** ENTRIES SUPPLIED follows **
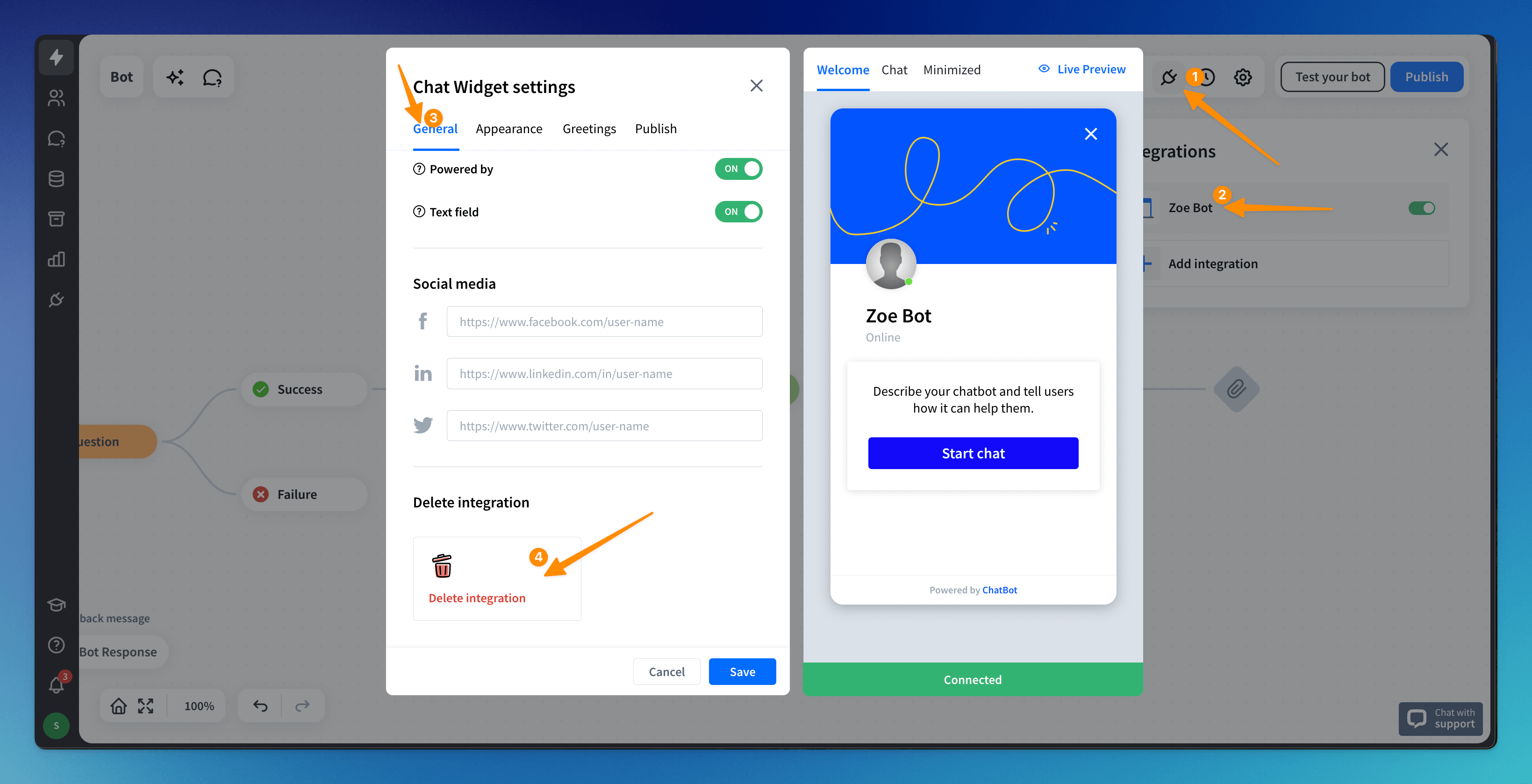 To delete the integration from your site, delete the tracking code from the source code or go to the Chat Widget legacy integration and delete the integration using the button in the General section.
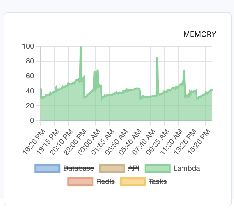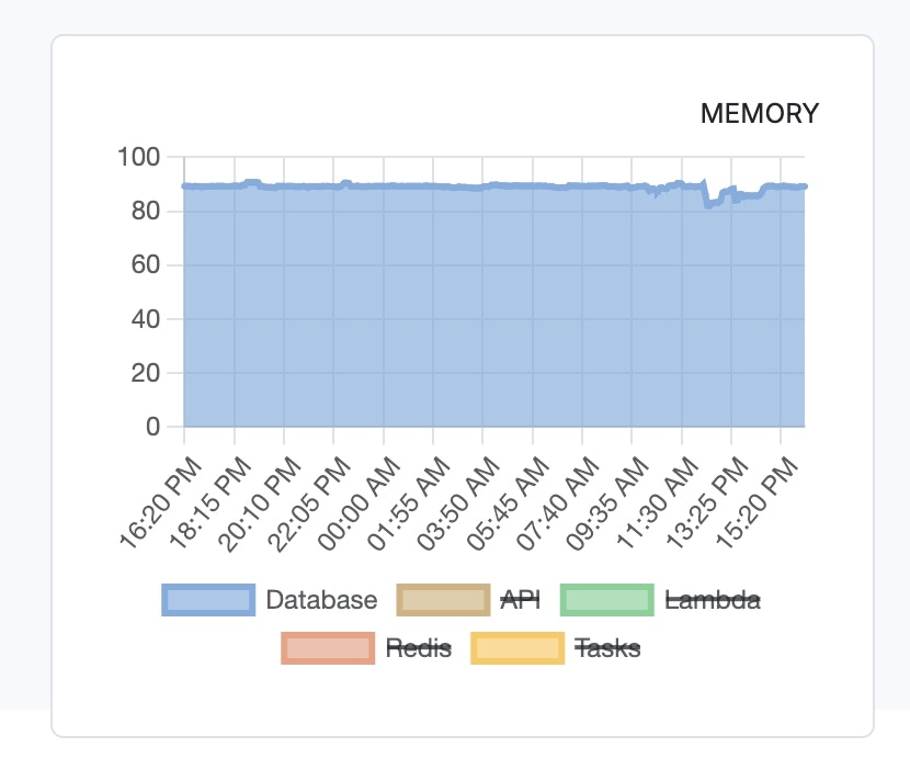 If you are finding yourself in a situation where you are experiencing symptoms of RAM exhaustion, there are a few things you can to do try and mitigate the situation.CommentIt’s important to note that in some cases, when mitigation is not possible, that may signal it’s time to upgrade your Xano subscription tier to increase your available RAM. You can always reach out to Xano Support for further clarification.C Database RAM Spikes in Database RAM can be caused by one or more of the following:-
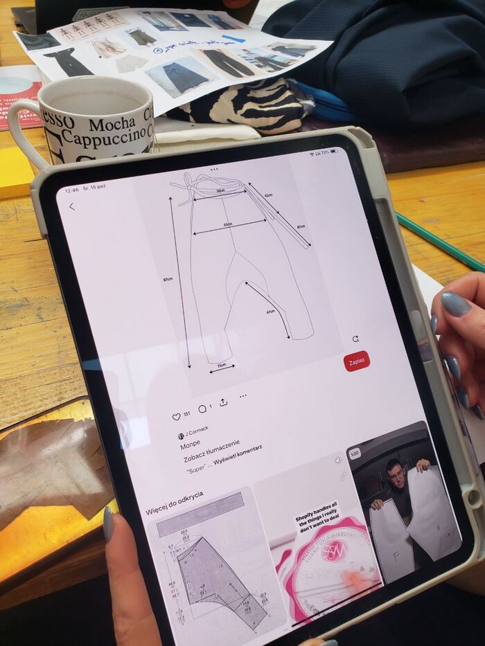 Martyna specified the place and number of buttons on the waist, and the shape of the waist (triangle with side openings) → and we had Sunita’s help for drawing the pattern.
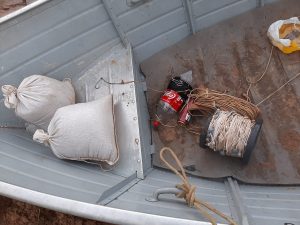 Durante a fiscalização, os Policiais e fiscais retiraram do rio cinco redes de pesca e duas cordas de espinhéis, medindo 100 metros com 20 anzóis cada um e 23 anzóis de galho.
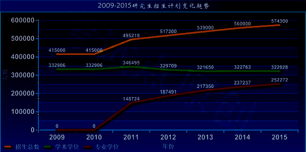 从上图可以明显看出,研究生招生总趋势一直呈增长态势。2010年教育部新增19种专业硕士,到现在为止已有39种。2016年中医硕士将开始招生。因此,从2011年开始,学术硕士招生逐渐呈下降趋势。与此同时,专业硕士招生数量逐年增长。
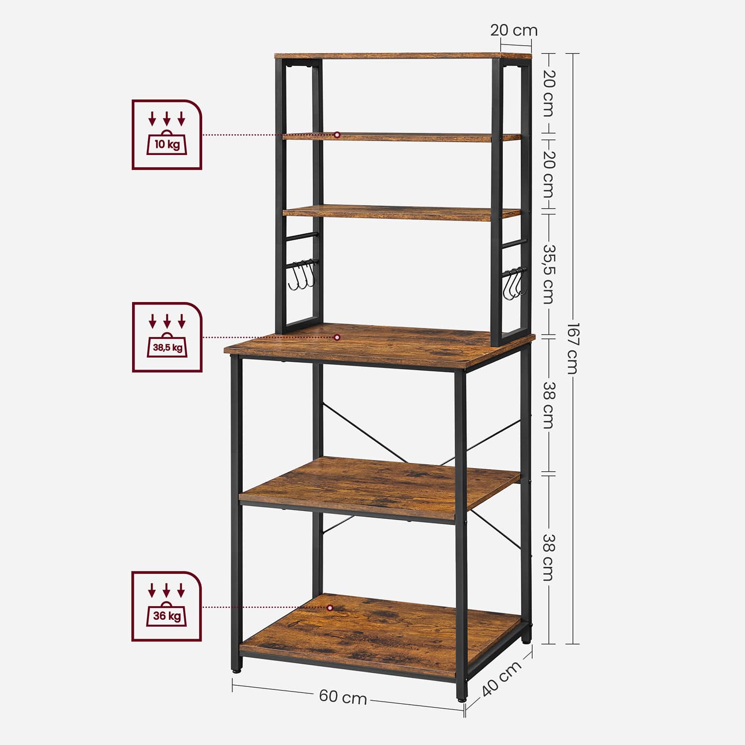 Pogodna za male prostore – Dimenzija 40 × 60 × 167 cm, ova kuhinjska polica sa 6 nivoa idealna je za manje kuhinje ili kao mini kafe-bar. Omogućava maksimalno iskorišćenje prostora.
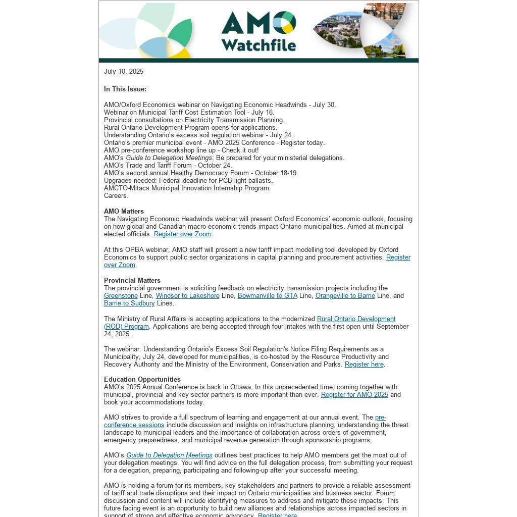 AMO is holding a forum for its members, key stakeholders and partners to provide a reliable assessment of tariff and trade disruptions and their impact on Ontario municipalities and business sector. Forum discussion and content will include identifying measures to address and mitigate these impacts. This future facing event is an opportunity to build new alliances and relationships across impacted sectors in support of strong and effective economic advocacy. Register here.
** End of ENTRIES SUPPLIED **
PROBLEM TO SOLVE: From the line with "If you are finding" up to and including the line with "Pogodna za male" above, retype every line exactly and nothing more; leave out the pictures.

RESPONSE TO THIS TASK:
 If you are finding yourself in a situation where you are experiencing symptoms of RAM exhaustion, there are a few things you can to do try and mitigate the situation.CommentIt’s important to note that in some cases, when mitigation is not possible, that may signal it’s time to upgrade your Xano subscription tier to increase your available RAM. You can always reach out to Xano Support for further clarification.C Database RAM Spikes in Database RAM can be caused by one or more of the following:-
 Martyna specified the place and number of buttons on the waist, and the shape of the waist (triangle with side openings) → and we had Sunita’s help for drawing the pattern.
 Durante a fiscalização, os Policiais e fiscais retiraram do rio cinco redes de pesca e duas cordas de espinhéis, medindo 100 metros com 20 anzóis cada um e 23 anzóis de galho.
 从上图可以明显看出,研究生招生总趋势一直呈增长态势。2010年教育部新增19种专业硕士,到现在为止已有39种。2016年中医硕士将开始招生。因此,从2011年开始,学术硕士招生逐渐呈下降趋势。与此同时,专业硕士招生数量逐年增长。
 Pogodna za male prostore – Dimenzija 40 × 60 × 167 cm, ova kuhinjska polica sa 6 nivoa idealna je za manje kuhinje ili kao mini kafe-bar. Omogućava maksimalno iskorišćenje prostora.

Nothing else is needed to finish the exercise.